Records from a dataset:
☆ ☆ ☆ ☆

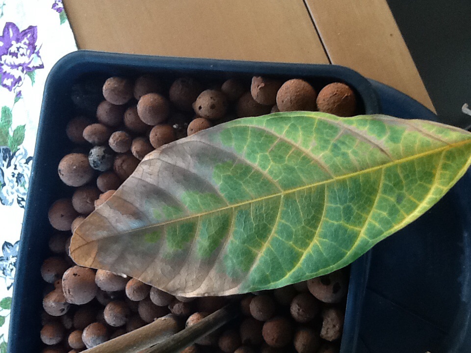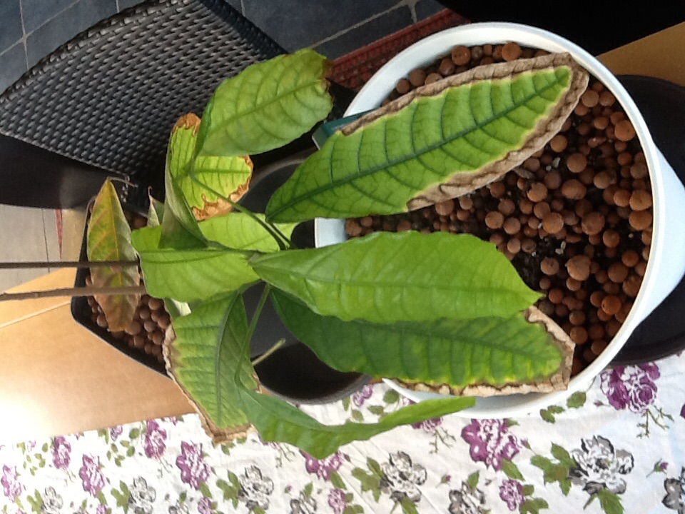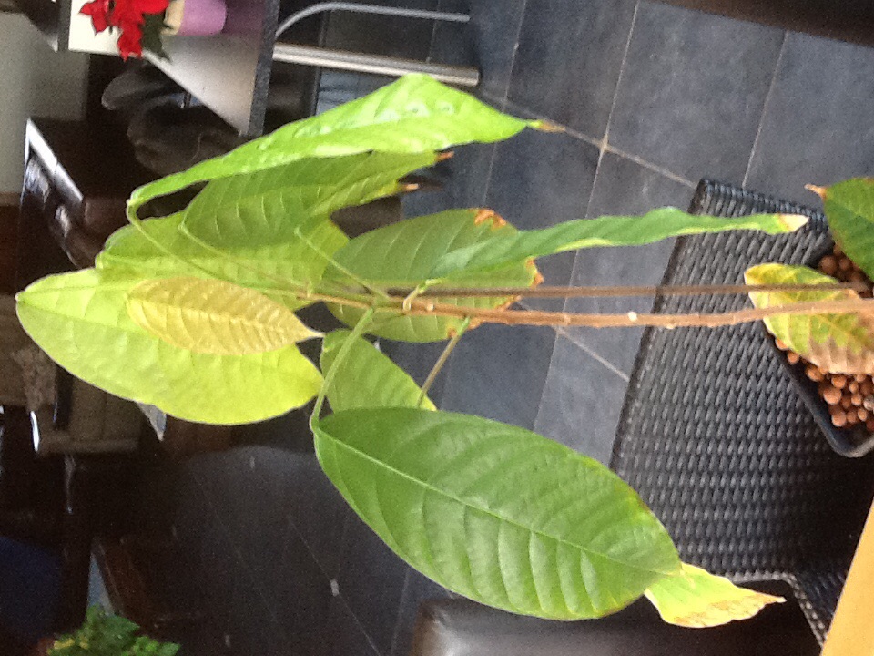 Mijn cacaoboompjes hebben geringe tijd last van een verkleuren blad die naar verloop van tijd afvalt. Voornamelijk de onderste exemplaren hebben er last van. Het probleem begint met het lichtbruin kleuren van het bladpunt en trekt zo langs de zijkanten omhoog met een gele rand. Ook zijn er necrotische vlekken te zien. Mijn ene boom heeft er beduidend meer last van dan de andere.
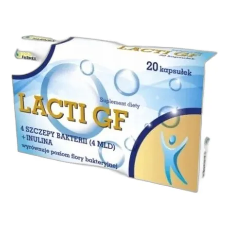 - Probiotyk Lacti GF to suplement diety zawierający mikroflorę jelitową, która wspiera prawidłowe funkcjonowanie układu pokarmowego. Produkt jest przeznaczony dla osób chcących uzupełnić dietę o korzystne bakterie probiotyczne.
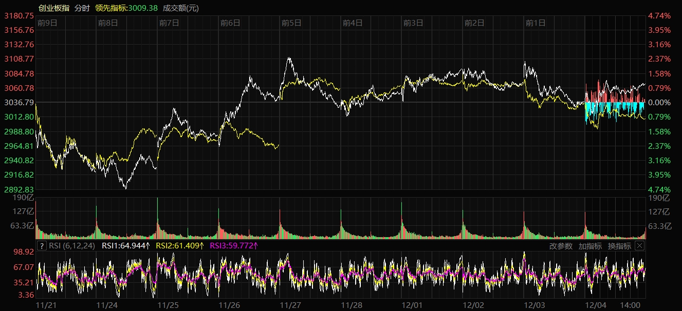 天山網-新疆日報訊(記者趙悅報道)12月4日,A股三大指數漲跌不一。截至收盤,滬指跌0.06%,報收3875.79點;深證成指漲0.40%,報收13006.72點;創(chuàng)業(yè)板指漲1.01%,報收3067.48點。滬深兩市成交額15490億元,較昨日縮量1210億元。
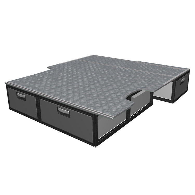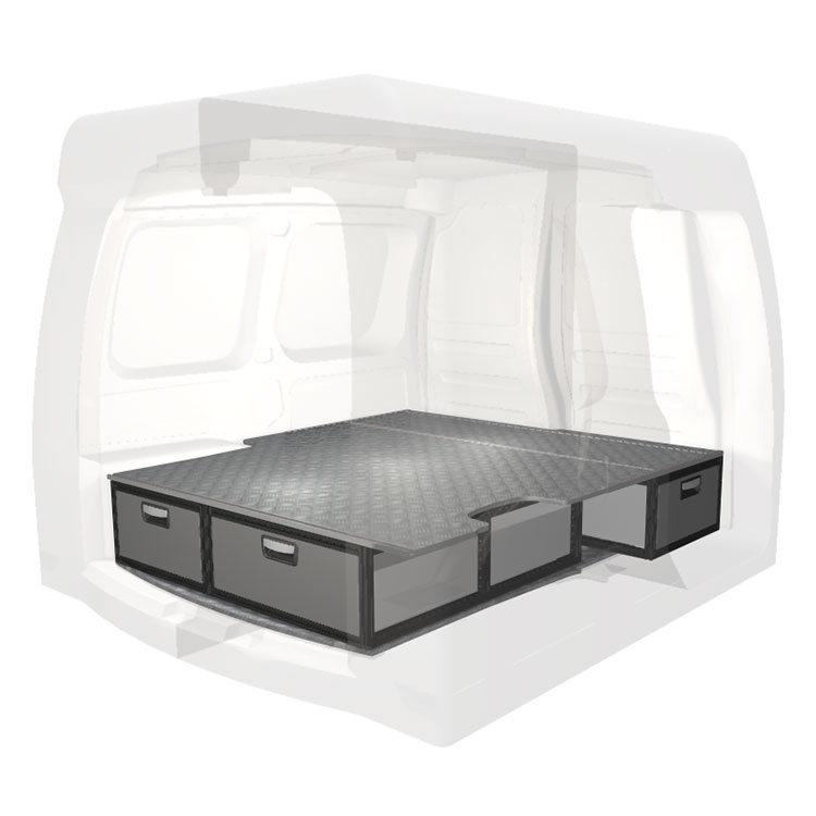 Kitet är designat för installation ovanpå ett Modul-Floor, där det undre golvets skenor nyttjas för en icke-förstörande installation. Dubbelgolvets skenor möjliggör enkelt montage av fordonsinredning och kantlister bidrar till en snygg finish.
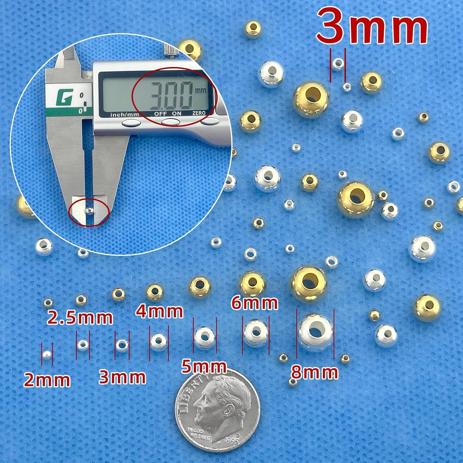 925 Sterling Silver Beads for Jewelry Making,Smooth Round Ball Beads Spacer Beads for Ring Necklace Earring Bracelets Making (Made in Italy 3mm)
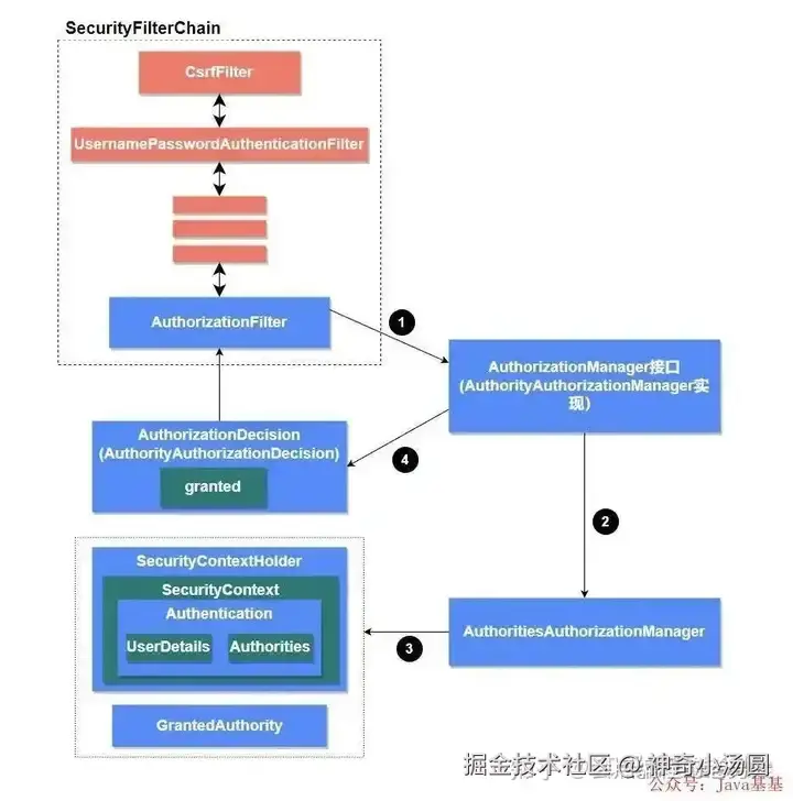 AuthorizationFilter,进而调用AuthorizationManager#check方法进行权限校验。 - 实际的校验工作继续委托给

☆ ☆ ☆ ☆

The problem
Exact copy, no pictures: set down all the entries again as they stand.

Task response
 Mijn cacaoboompjes hebben geringe tijd last van een verkleuren blad die naar verloop van tijd afvalt. Voornamelijk de onderste exemplaren hebben er last van. Het probleem begint met het lichtbruin kleuren van het bladpunt en trekt zo langs de zijkanten omhoog met een gele rand. Ook zijn er necrotische vlekken te zien. Mijn ene boom heeft er beduidend meer last van dan de andere.
 - Probiotyk Lacti GF to suplement diety zawierający mikroflorę jelitową, która wspiera prawidłowe funkcjonowanie układu pokarmowego. Produkt jest przeznaczony dla osób chcących uzupełnić dietę o korzystne bakterie probiotyczne.
 天山網-新疆日報訊(記者趙悅報道)12月4日,A股三大指數漲跌不一。截至收盤,滬指跌0.06%,報收3875.79點;深證成指漲0.40%,報收13006.72點;創(chuàng)業(yè)板指漲1.01%,報收3067.48點。滬深兩市成交額15490億元,較昨日縮量1210億元。
 Kitet är designat för installation ovanpå ett Modul-Floor, där det undre golvets skenor nyttjas för en icke-förstörande installation. Dubbelgolvets skenor möjliggör enkelt montage av fordonsinredning och kantlister bidrar till en snygg finish.
 925 Sterling Silver Beads for Jewelry Making,Smooth Round Ball Beads Spacer Beads for Ring Necklace Earring Bracelets Making (Made in Italy 3mm)
 AuthorizationFilter,进而调用AuthorizationManager#check方法进行权限校验。 - 实际的校验工作继续委托给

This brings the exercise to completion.